British Columbia

B.C. ends 'birth alerts' in child welfare cases, but advocates say it's only first step

The B.C. government is ending a controversial practice that allowed hospitals and child welfare agencies to flag mothers deemed to be high-risk without them knowing.

Indigenous groups say more needs to be done to stop child apprehensions

B.C.'s minister for children and families says birth alerts are used by a number of provinces and territories, but B.C. is ending the decades-old practice effective immediately. (Mike McArthur/CBC)

The B.C. government is ending a controversial practice that allowed hospitals and child welfare agencies to flag mothers deemed to be high-risk without them knowing, but advocates say the move doesn't spell the end of child apprehensions.

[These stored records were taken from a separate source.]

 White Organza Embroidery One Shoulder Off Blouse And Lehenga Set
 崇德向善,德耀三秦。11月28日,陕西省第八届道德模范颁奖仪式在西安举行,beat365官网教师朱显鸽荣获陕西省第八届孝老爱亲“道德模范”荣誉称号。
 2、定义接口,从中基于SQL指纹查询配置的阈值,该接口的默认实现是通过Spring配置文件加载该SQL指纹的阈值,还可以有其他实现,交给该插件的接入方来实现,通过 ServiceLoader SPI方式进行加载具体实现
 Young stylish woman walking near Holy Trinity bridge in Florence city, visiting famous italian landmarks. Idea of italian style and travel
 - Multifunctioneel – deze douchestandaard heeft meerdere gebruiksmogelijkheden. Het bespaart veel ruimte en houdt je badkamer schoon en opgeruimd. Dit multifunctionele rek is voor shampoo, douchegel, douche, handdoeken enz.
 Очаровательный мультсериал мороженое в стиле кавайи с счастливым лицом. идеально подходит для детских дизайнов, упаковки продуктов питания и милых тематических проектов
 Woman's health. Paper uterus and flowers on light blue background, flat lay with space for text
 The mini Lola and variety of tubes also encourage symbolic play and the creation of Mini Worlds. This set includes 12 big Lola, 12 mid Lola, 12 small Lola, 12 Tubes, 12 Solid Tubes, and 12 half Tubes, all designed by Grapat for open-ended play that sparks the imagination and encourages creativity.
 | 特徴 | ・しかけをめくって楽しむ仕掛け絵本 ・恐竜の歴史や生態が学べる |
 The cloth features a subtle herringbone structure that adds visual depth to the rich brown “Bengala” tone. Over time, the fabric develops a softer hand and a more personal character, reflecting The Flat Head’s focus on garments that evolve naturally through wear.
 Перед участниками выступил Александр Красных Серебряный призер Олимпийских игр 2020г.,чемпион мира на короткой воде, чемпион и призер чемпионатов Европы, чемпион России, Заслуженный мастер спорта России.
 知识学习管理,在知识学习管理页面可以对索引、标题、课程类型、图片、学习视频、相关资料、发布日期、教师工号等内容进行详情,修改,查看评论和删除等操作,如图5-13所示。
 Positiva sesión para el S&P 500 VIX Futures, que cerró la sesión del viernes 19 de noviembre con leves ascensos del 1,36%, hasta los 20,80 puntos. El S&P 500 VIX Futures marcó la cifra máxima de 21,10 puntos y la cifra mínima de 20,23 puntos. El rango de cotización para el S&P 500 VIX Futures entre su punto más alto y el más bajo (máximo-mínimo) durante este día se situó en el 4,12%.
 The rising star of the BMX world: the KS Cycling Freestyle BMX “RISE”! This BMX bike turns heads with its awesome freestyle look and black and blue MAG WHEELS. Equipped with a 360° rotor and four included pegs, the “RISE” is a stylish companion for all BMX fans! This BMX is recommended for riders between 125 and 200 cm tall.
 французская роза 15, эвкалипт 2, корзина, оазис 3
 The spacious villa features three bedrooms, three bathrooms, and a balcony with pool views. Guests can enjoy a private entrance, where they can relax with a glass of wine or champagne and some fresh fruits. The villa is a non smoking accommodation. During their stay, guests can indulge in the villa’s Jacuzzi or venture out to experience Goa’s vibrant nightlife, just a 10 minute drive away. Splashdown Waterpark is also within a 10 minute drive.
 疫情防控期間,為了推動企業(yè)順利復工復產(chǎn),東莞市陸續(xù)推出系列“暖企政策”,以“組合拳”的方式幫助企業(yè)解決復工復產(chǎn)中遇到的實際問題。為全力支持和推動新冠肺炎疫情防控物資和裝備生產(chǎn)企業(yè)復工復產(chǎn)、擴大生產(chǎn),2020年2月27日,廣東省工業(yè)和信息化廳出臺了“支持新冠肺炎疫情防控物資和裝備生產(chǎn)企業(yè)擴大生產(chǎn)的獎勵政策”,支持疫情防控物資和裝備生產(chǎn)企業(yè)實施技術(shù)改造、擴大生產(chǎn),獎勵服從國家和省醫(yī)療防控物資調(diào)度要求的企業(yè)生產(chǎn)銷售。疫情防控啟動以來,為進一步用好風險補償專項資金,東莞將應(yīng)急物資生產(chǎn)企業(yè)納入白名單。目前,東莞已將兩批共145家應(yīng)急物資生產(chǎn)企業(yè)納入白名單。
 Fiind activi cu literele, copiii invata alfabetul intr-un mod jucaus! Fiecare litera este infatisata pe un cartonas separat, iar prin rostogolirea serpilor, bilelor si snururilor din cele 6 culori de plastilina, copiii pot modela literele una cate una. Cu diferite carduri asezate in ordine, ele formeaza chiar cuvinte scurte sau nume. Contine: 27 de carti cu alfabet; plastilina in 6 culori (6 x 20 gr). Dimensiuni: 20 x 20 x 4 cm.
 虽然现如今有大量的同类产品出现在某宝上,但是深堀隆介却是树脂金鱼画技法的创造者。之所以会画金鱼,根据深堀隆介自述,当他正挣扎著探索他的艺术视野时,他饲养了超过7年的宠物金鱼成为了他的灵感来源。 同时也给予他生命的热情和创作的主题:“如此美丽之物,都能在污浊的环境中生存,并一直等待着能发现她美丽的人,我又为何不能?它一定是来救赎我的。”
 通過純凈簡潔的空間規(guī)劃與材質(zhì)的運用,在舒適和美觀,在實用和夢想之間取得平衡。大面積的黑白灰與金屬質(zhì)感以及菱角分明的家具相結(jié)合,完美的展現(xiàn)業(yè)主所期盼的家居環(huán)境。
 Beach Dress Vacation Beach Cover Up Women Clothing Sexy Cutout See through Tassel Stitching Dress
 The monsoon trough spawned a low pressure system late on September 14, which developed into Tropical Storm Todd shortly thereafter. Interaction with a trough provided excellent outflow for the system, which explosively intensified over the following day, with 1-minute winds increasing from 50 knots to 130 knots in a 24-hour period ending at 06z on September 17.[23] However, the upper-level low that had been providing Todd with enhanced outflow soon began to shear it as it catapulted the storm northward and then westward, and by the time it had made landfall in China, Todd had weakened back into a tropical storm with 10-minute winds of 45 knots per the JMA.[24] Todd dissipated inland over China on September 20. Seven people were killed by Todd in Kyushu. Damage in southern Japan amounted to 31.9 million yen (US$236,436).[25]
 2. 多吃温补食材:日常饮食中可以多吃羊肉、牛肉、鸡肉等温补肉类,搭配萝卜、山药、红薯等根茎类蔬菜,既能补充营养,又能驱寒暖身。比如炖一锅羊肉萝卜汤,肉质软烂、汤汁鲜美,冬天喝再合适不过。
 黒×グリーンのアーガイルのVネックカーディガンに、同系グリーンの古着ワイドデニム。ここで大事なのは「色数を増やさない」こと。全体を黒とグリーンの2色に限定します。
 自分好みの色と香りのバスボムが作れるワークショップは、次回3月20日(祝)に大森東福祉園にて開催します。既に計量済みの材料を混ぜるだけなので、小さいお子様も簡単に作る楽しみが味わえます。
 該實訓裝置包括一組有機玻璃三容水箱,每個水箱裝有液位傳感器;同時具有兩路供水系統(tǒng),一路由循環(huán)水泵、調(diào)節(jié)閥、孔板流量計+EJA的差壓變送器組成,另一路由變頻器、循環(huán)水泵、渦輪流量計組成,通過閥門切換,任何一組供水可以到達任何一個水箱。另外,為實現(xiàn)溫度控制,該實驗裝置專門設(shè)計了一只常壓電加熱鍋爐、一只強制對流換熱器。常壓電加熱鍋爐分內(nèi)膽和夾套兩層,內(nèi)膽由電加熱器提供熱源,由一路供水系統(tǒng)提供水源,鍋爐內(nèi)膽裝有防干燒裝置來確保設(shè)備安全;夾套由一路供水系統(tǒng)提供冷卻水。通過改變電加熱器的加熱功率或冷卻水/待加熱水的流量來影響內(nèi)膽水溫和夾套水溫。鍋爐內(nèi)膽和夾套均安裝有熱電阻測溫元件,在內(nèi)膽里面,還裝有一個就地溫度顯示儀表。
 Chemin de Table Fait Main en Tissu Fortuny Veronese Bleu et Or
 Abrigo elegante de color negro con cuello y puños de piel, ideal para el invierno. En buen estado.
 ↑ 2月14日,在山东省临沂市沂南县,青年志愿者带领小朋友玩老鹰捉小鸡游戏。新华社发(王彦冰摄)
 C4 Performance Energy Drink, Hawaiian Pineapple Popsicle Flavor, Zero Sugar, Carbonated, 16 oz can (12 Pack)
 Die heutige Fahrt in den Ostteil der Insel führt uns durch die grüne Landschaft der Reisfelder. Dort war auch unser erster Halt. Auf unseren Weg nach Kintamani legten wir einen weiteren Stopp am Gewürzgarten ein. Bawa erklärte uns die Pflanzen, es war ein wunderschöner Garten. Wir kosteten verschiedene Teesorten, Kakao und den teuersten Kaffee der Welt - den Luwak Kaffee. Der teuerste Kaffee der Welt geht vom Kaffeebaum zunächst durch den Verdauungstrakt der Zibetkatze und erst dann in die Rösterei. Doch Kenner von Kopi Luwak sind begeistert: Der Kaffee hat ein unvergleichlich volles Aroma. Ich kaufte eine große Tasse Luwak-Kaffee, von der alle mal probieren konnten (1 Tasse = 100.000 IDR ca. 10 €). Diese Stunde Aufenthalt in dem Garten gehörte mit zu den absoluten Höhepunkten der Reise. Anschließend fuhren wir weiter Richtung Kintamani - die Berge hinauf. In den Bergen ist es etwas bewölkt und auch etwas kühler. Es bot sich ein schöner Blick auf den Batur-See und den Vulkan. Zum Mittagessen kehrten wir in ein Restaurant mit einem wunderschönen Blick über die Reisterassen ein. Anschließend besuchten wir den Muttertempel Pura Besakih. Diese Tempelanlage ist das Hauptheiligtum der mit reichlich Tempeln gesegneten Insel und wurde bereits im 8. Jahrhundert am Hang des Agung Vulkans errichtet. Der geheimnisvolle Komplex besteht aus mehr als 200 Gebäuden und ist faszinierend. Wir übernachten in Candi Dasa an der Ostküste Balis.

So-called hospital or birth alerts have often led to babies being seized from mothers just days after they were born. The alerts have been mainly used in cases involving marginalized women, including a disproportionate number of Indigenous women, the province said in its announcement Monday.

"We acknowledge the trauma women experience when they become aware that a birth alert has been issued," said B.C. Minister of Children and Family Development Katrine Conroy in a written statement.

Conroy said the province is changing its approach in cases where children might be at risk. Instead of alerts, she said the province will collaborate with parents expecting a child to keep newborns safe and families together.

The announcement comes after repeated calls from Indigenous communities and organizations to end birth alerts, which are still used in a number of provinces and territories.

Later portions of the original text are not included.